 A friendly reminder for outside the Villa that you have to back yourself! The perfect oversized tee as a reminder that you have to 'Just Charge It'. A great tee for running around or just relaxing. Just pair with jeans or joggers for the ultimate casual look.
==
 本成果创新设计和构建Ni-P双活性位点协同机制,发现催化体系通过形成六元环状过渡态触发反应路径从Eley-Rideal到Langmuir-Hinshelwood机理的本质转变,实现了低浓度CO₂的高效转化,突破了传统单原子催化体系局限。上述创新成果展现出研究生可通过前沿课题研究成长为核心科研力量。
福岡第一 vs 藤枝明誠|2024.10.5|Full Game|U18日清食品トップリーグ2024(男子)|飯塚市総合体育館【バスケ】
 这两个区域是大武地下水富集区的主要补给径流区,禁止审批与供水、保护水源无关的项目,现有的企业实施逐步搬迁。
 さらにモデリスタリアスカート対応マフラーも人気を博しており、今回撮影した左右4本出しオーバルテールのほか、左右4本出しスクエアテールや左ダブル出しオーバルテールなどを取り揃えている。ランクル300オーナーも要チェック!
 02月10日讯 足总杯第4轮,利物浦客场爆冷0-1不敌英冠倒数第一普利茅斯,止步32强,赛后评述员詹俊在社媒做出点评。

**Brief**
Using the listing above, copy exactly the line that contains "本成果创新设计和构建Ni-P", the line that contains "02月10日讯 足总杯第4轮", and each line that falls between them.

**Output of the exercise**
 本成果创新设计和构建Ni-P双活性位点协同机制,发现催化体系通过形成六元环状过渡态触发反应路径从Eley-Rideal到Langmuir-Hinshelwood机理的本质转变,实现了低浓度CO₂的高效转化,突破了传统单原子催化体系局限。上述创新成果展现出研究生可通过前沿课题研究成长为核心科研力量。
福岡第一 vs 藤枝明誠|2024.10.5|Full Game|U18日清食品トップリーグ2024(男子)|飯塚市総合体育館【バスケ】
 这两个区域是大武地下水富集区的主要补给径流区,禁止审批与供水、保护水源无关的项目,现有的企业实施逐步搬迁。
 さらにモデリスタリアスカート対応マフラーも人気を博しており、今回撮影した左右4本出しオーバルテールのほか、左右4本出しスクエアテールや左ダブル出しオーバルテールなどを取り揃えている。ランクル300オーナーも要チェック!
 02月10日讯 足总杯第4轮,利物浦客场爆冷0-1不敌英冠倒数第一普利茅斯,止步32强,赛后评述员詹俊在社媒做出点评。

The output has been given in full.